A ligação mais curta entre aquelas duas povoações é um caminho por onde não passam carros, que tem uma rampa de terra com um declive bastante acentuado, ainda junto a Galamares. No passado Domingo, subia eu esta rampa a pé, com a bicicleta pela mão (podem daqui inferir o elevado porte atlético do artista), quando avisto, já quase no final da rampa, uma mulher ajoujada com um carrego de volumosos sacos, subindo vergada o caminho. Ao cruzar-me com ela, cumprimentei-a e ela disparou de imediato:
- Você é daqui? Já sabe o que aconteceu em Sintra?
Começou assim uma conversa cujo conteúdo eu não vou revelar na totalidade, porque não se enquadra no âmbito editorial deste blog e poderia devassar a privacidade das pessoas envolvidas.
O facto é que a Tia Amélia (assim se chama a senhora) estava muito impressionada com os recentes e trágicos acontecimentos no Mercado de Sintra, onde vende flores. Mal eu tinha aberto a boca já ela me perguntava com aquela inocência que só os velhos e as crianças têm, se eu estava com pressa. Eu respondi que não. Não estava com pressa. Falar com antigos habitantes desta zona que eu adoro, é como descobri-la de novo. Saber que determinada quinta pertence a não sei quem, que determinado morador da quinta tal vai à missa à Capela da Piedade, que dantes as pessoas de Nafarros iam de burro à festa de não sei onde, enriquece tanto a paisagem, que vale mais do que uma semana de exploração.

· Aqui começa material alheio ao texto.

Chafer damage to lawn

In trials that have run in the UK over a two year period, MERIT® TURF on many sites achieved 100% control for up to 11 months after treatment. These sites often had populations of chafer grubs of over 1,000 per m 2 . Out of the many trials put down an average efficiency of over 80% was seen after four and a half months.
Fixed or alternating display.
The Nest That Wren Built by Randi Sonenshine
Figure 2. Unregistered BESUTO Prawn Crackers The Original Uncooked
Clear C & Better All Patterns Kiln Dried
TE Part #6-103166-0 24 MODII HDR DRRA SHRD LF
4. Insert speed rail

Disse-me sem mais rodeios que vive sozinha e que quando encontra alguém para conversar gosta de desabafar. Eu disse:
- Desabafe!
Contou-me todos os detalhes sobre os acontecimentos de Sintra e foi também falando do seu próprio passado, da morte trágica do marido, há muitos anos (julgo que quando eu nasci já a Tia Amélia era viúva), de como era a quinta onde hoje ainda habita, da decadência do seu “império”. Houve algumas frases que repetiu muitas vezes ao correr da conversa:
- O dinheiro não é tudo, é preciso é a gente conviver (querendo com isto dizer que é preciso darmo-nos bem uns com os outros).

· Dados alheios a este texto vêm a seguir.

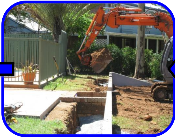
Day 2 (PM) Backfilling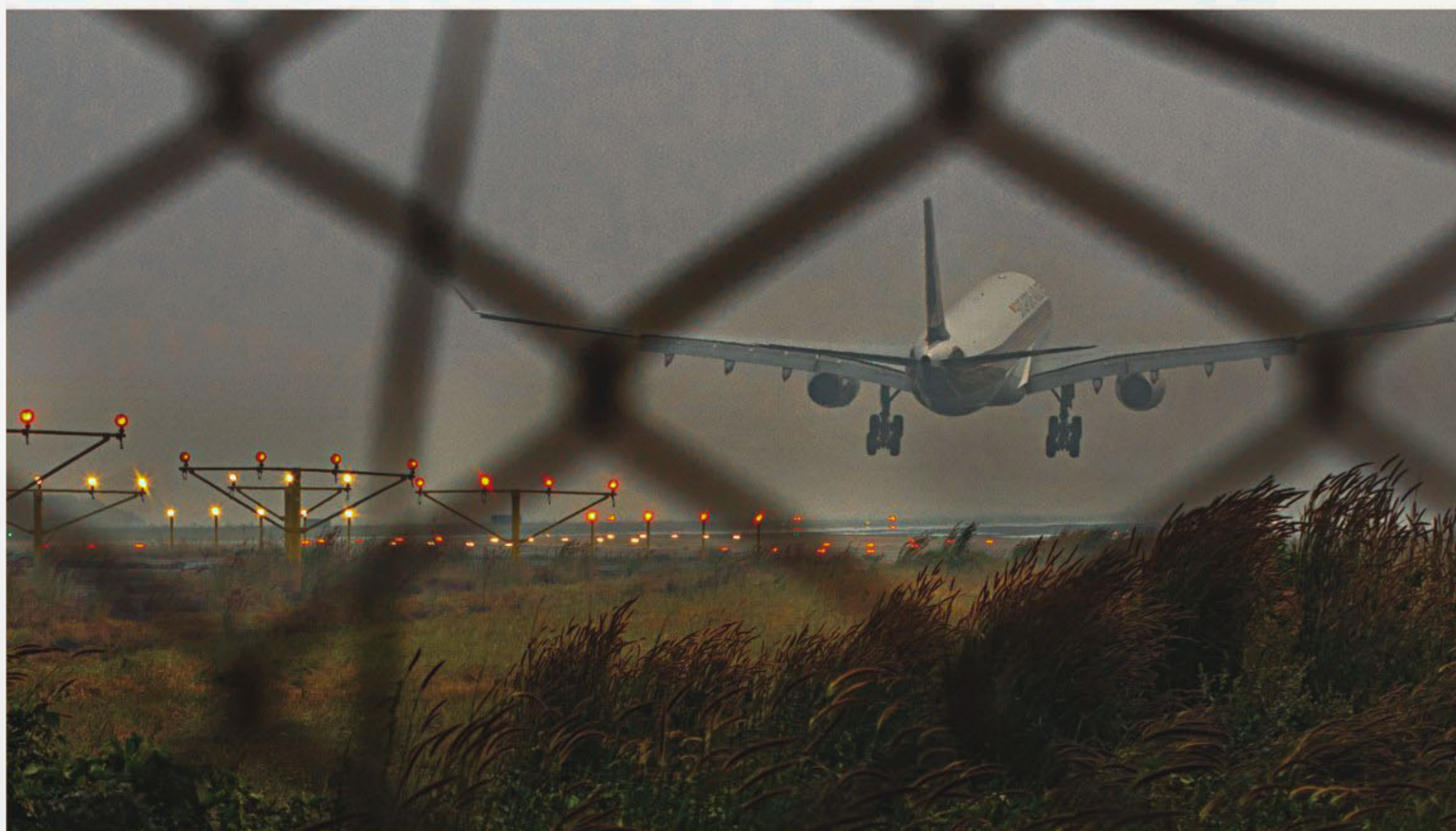
An international flight lands at Hazrat Shahjalal International Airport amid fog around noon on Sunday. Poor visibility led to suspension of flight operations for hours every day over the last seven days.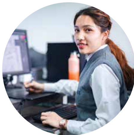
B.Sc in Multimedia, Animation and Graphic Design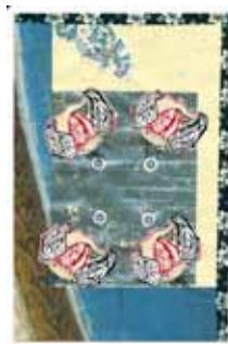
4. Foundations. Acceptance of the partner. Path to real love.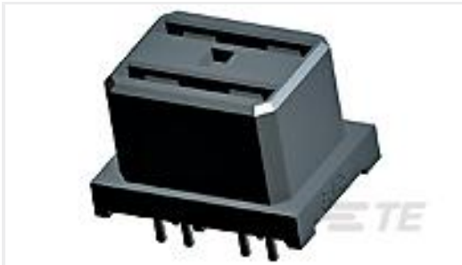
TE Part #2169806-1 IMP,Power,3PR,Vert,Recp,Tin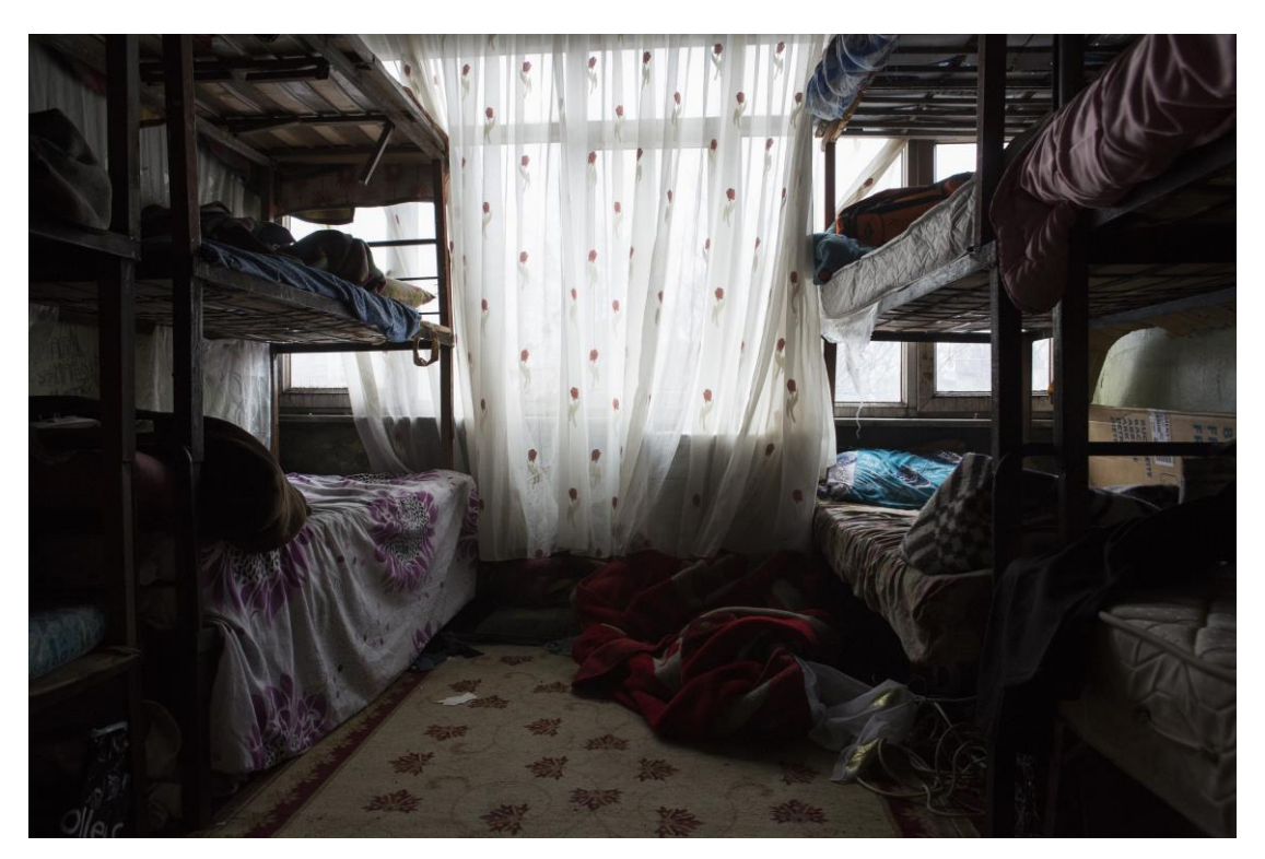
\textcircled{\circ} \uparrow About 12 asylum-seekers from Afghanistan lived in this room in Istanbul, below which was an industrial operation where the recyclable materials that they had collected from the garbage were weighed and sorted

This chapter assesses whether Turkey meets the third criterion for effective protection: access to means of subsistence sufficient to maintain an adequate standard of living. With state authorities unable to meet people's basic needs – in particular shelter – combined with the significant barriers that people experience in achieving self-reliance, the reality is that Turkey is failing to provide an environment where asylum-seekers and refugees can be guaranteed the ability to live in dignity.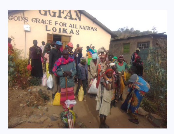
Villagers leaving the GGFAN Loikas Church after receiving a share of the relief food.

The Samburu County NKALUP Vision (SCNV) has been helping to feed people by conducting eleven rounds of relief feeding programs. The eleven rounds have cost 26, 540, 548 Kenya shillings and fed more than 28, 995 people for 868, 649 meals. The feeding programs have been conducted as a result of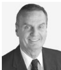
GENERAL JAMES L. JONES Director Nominee

Other Directorships and Memberships: Chairman, Mountainside Hospital, Merit Health Systems, Inc.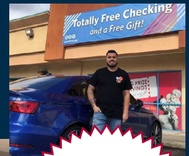
Car Buying Services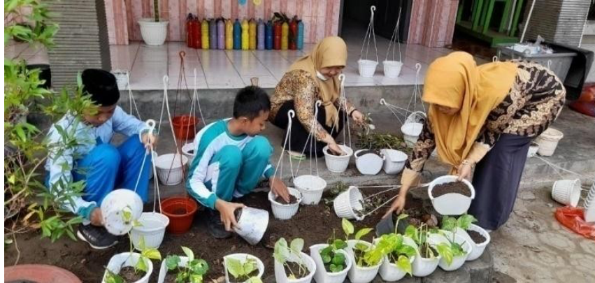
Figure 1. Plant Maintenance Activities

This statement indicates that the school's environmental orientation is rooted in an eco-theological understanding of Islamic education. Students were encouraged to see environmental care not only as a school rule, but also as a form of worship and responsibility as God's stewards on earth.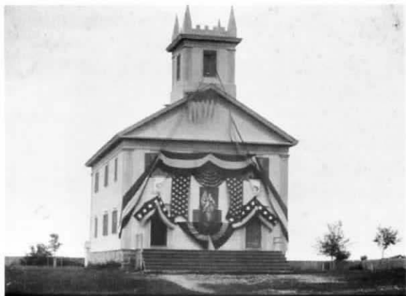
The Village Grammar School, now the Odd Fellows Hall, was built in 1856. Katharine Lee Bates attended the school until she was almost 12 years old when her family moved to Wellesley Hills, MA. Most of her early poems and stories were written while she was a student at the school. This photo shows the Odd Fellows Hall decked in bunting for the Town's bicentennial celebration in 1886.

- Eu tenho medo é de ter algum problema e ainda dar trabalho a alguém.
- O que é preciso é amor.
Tinha colocado um dos volumosos sacos pretos na beira do caminho e desfiava o seu rosário confortavelmente sentada sobre as hortaliças. Recomendou-me, maternal, que me abrigasse do vento, porque devia estar suado (assumindo erradamente que a bicicleta me serve para fazer desporto). Cumprimentou os condutores de todos os (poucos) automóveis que passaram entretanto e dizia: “É meu vizinho, gosto de me dar bem com ele. É preciso é a gente conviver, não é?”
Acompanhei-a à porta de casa e acabei por perder a vergonha e pedir-lhe autorização para a fotografar. Quando já estava mais “desabafada” falámos das quintas, dos caminhos, das igrejas. Admirou-se de eu conhecer tantos caminhos: “Ah, você conhece isto?”.
Falámos de personagens de Sintra, todos seus conhecidos, como o Zé Maria do Monte, que tomou conta da Torre do Relógio da Vila Velha de Sintra, até morrer, não há muitos anos.
Não sabia bem a idade, mas tinha nascido em 1931. “Acho que fiz 74 há dias, não é assim?”.
Por mim tinha lá ficado mais tempo, mas tinha um programa a que não podia faltar.
Voltei para casa um pouco estranho. Depois de ter estado mais de uma hora a ouvir falar uma desconhecida que me abordara para me contar tragédias, sentia-me confortado por ter conhecido a personagem e um pouco da sua história. Deve ser a isto que chamam catarse.
Pedalei menos do que tinha previsto, mas aprendi muito mais. Aqui vos deixo os retratos da Tia Amélia. Se a quiserem encontrar, passem pela praça da Estefânia: “Estou mesmo à entrada, para apanhar primeiro os clientes”. Vende flores e tem tanto para contar, que podia vender só histórias.
Se lá passarem mandem-lhe um beijinho meu.
Boa semana.
ZM
PS: lembrei-me das Histórias do Arco da Velha, da manamagana.